### Source material

==========

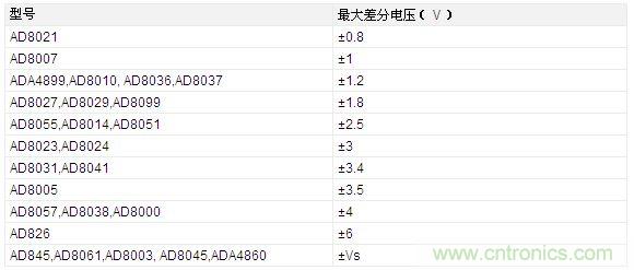 為了解決這一問題,首先盡量選擇具有較高差分電壓額定值的放大器。遺憾的是,放大器的選擇可能還會考慮其他諸多參數(但差分輸入保護不是其中的參數)。放大器數據表中絕對最大額定值的選擇通常表明其最大差分輸入電壓。如果性能指標小于±Vs,則提供某些內置輸入保護。電壓越低,電路表現出截止狀態隔離度的可能就越大。表1給出所選放大器的差分電壓額定值。
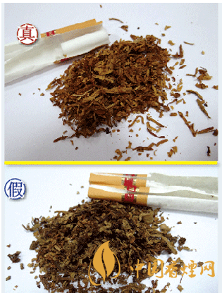 真品煙絲摻配均勻,采用獨特的“三烤”工藝,煙絲顏色呈現(xiàn)金黃色,煙絲彈性油潤性好;假煙煙絲摻雜摻假,煙梗煙末較多,煙絲未加膨化處理,煙絲碎屑多,與真品存在顯著差異。
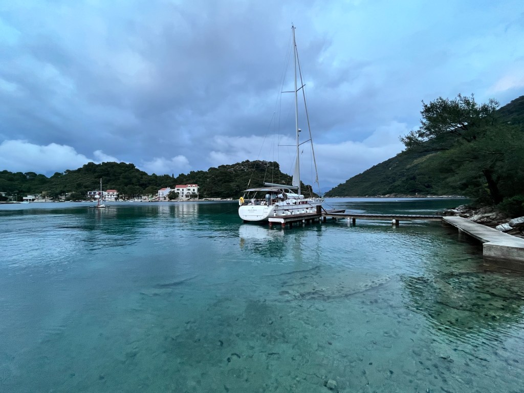Luka Okuklje is an amazing small bay, with a narrow entrance, and offers protection in all wind conditions. It is possible to anchor, but also to find a dock at one of the Konobas. The water is crystal clear, and the vegetation is lush.

==========

### Your assignment
Print the listing exactly, but skip its pictures.

### Solved exercise
 為了解決這一問題,首先盡量選擇具有較高差分電壓額定值的放大器。遺憾的是,放大器的選擇可能還會考慮其他諸多參數(但差分輸入保護不是其中的參數)。放大器數據表中絕對最大額定值的選擇通常表明其最大差分輸入電壓。如果性能指標小于±Vs,則提供某些內置輸入保護。電壓越低,電路表現出截止狀態隔離度的可能就越大。表1給出所選放大器的差分電壓額定值。
 真品煙絲摻配均勻,采用獨特的“三烤”工藝,煙絲顏色呈現(xiàn)金黃色,煙絲彈性油潤性好;假煙煙絲摻雜摻假,煙梗煙末較多,煙絲未加膨化處理,煙絲碎屑多,與真品存在顯著差異。
Luka Okuklje is an amazing small bay, with a narrow entrance, and offers protection in all wind conditions. It is possible to anchor, but also to find a dock at one of the Konobas. The water is crystal clear, and the vegetation is lush.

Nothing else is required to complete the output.